* What is expected
For the entries below, copy exactly the line that contains "走近小區(qū)大門,首先映" through the line that contains "ZizHome アンダーベッド シューズオーガナイザー", both ends included, and exclude all pictures.

* Raw data
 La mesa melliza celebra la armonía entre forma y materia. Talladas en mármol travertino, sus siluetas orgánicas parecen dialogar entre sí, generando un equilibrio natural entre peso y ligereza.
---
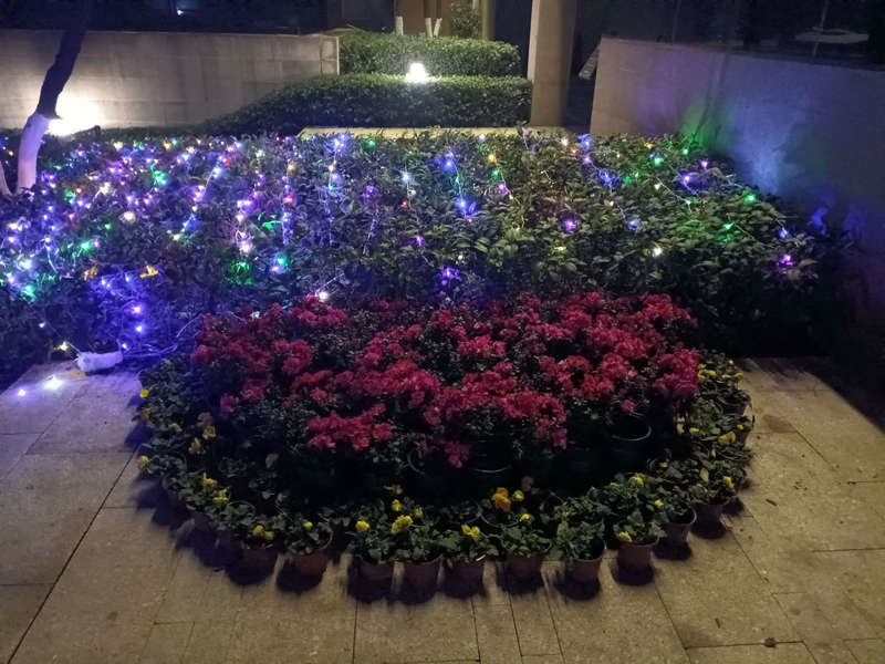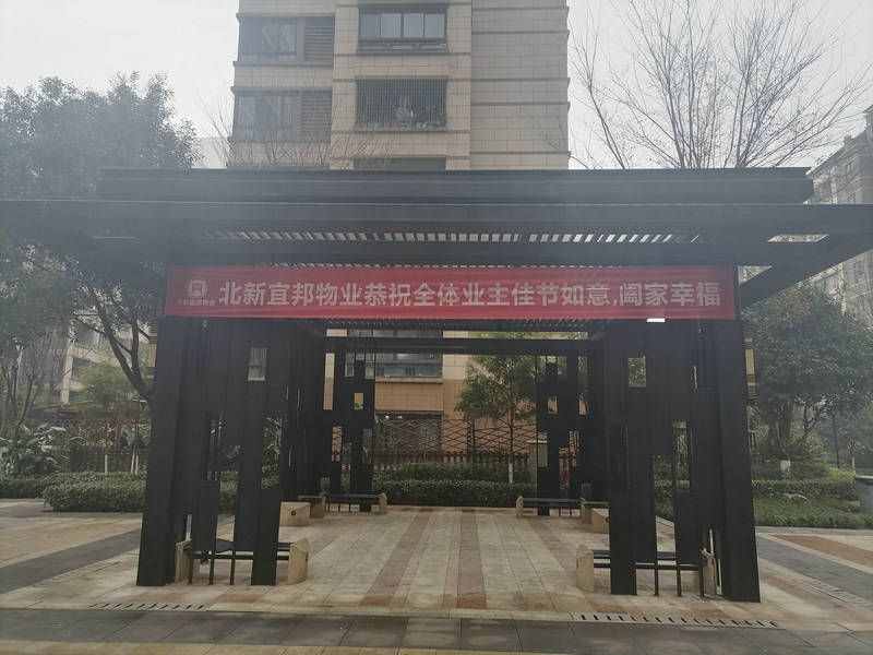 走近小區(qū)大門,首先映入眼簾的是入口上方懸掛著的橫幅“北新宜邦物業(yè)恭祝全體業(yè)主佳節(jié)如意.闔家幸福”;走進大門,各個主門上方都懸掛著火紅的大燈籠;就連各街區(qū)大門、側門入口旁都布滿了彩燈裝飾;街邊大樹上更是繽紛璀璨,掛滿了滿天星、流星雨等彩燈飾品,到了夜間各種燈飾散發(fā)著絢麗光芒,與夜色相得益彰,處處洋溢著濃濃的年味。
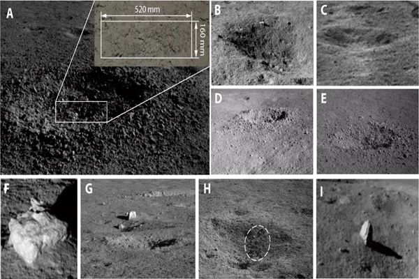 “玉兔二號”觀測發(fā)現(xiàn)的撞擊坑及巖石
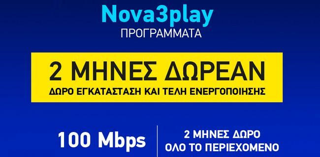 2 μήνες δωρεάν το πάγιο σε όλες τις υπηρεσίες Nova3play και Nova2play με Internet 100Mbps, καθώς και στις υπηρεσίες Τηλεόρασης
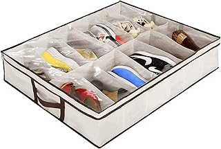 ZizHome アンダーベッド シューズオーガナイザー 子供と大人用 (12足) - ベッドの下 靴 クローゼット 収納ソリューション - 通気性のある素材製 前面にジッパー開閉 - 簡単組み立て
---
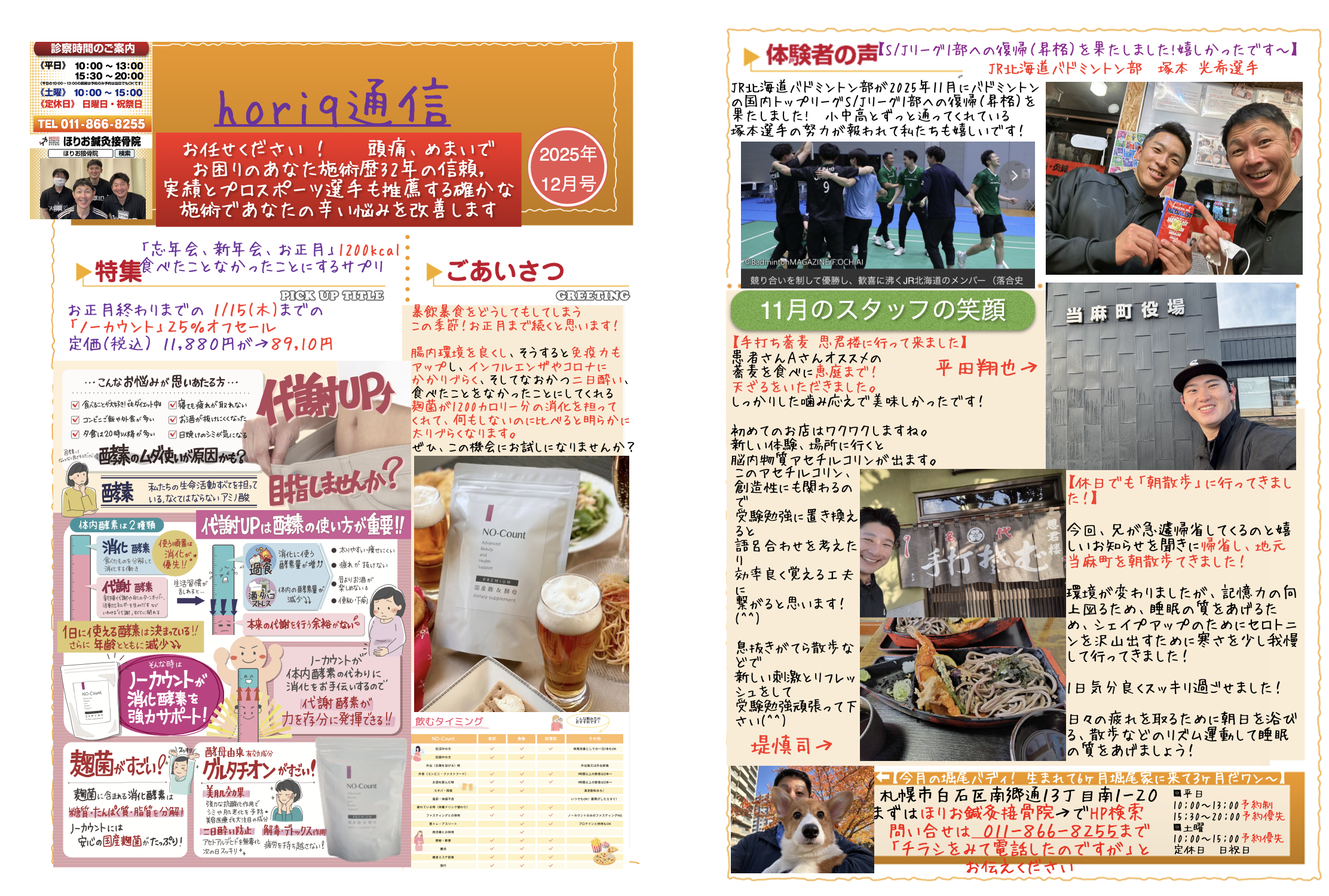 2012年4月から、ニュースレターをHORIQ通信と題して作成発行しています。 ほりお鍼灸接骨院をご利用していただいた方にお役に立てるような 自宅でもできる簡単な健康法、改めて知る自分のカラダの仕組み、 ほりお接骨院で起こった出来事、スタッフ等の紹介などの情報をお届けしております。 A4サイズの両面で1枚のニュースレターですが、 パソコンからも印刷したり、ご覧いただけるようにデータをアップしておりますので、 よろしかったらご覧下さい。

* Result
 走近小區(qū)大門,首先映入眼簾的是入口上方懸掛著的橫幅“北新宜邦物業(yè)恭祝全體業(yè)主佳節(jié)如意.闔家幸福”;走進大門,各個主門上方都懸掛著火紅的大燈籠;就連各街區(qū)大門、側門入口旁都布滿了彩燈裝飾;街邊大樹上更是繽紛璀璨,掛滿了滿天星、流星雨等彩燈飾品,到了夜間各種燈飾散發(fā)著絢麗光芒,與夜色相得益彰,處處洋溢著濃濃的年味。
 “玉兔二號”觀測發(fā)現(xiàn)的撞擊坑及巖石
 2 μήνες δωρεάν το πάγιο σε όλες τις υπηρεσίες Nova3play και Nova2play με Internet 100Mbps, καθώς και στις υπηρεσίες Τηλεόρασης
 ZizHome アンダーベッド シューズオーガナイザー 子供と大人用 (12足) - ベッドの下 靴 クローゼット 収納ソリューション - 通気性のある素材製 前面にジッパー開閉 - 簡単組み立て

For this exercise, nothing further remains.